Traffic volume is influenced by time, weather, and weekday-hour interactions. Time of Day and Weekday are the strongest predictors of high traffic.
Rainfall slightly reduces traffic odds, while temperature increases it. Snowfall appears to have no significant effect, likely due to data sparsity.
Sunday sees the most consistent drop in traffic. Traffic is least likely on weekends.

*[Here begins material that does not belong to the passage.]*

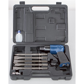 Vésőkalapács készlet és tartozékok praktikus kofferban. Ideális falazati nyílások, vájatok és átmenő furatok képzéséhez, lemezek szétválasztásához, csempék vagy vakolatok leveréséhez, szegecsek eltávolításához, stb. Ütések száma: 4.500 /perc Üzemi nyomás: 6,3 bar Levegőszükséglet: 79,2 l /perc Vésőszár átmérő: 10 mm Acélváz kivitel, csúszásgátló markolat Tartozékok: 5 db véső, zsírzógomb, olaj, gyorscsatlakozó, feszítőrugó Súly és méretek Súly (kg): 1.20 Méretek: Magasság (m): 150.00 Hosszúság (h): 145.00 Szélesség (sz): 45.00

This model could be used to predict congestion windows and help city planners or commuters schedule travel accordingly.
Targeted Traffic Alerts during high-risk hours and weekdays.
Traffic mitigation strategies during high-temperature or adverse weather forecasts.
City Planning: Use low-traffic periods for construction or maintenance.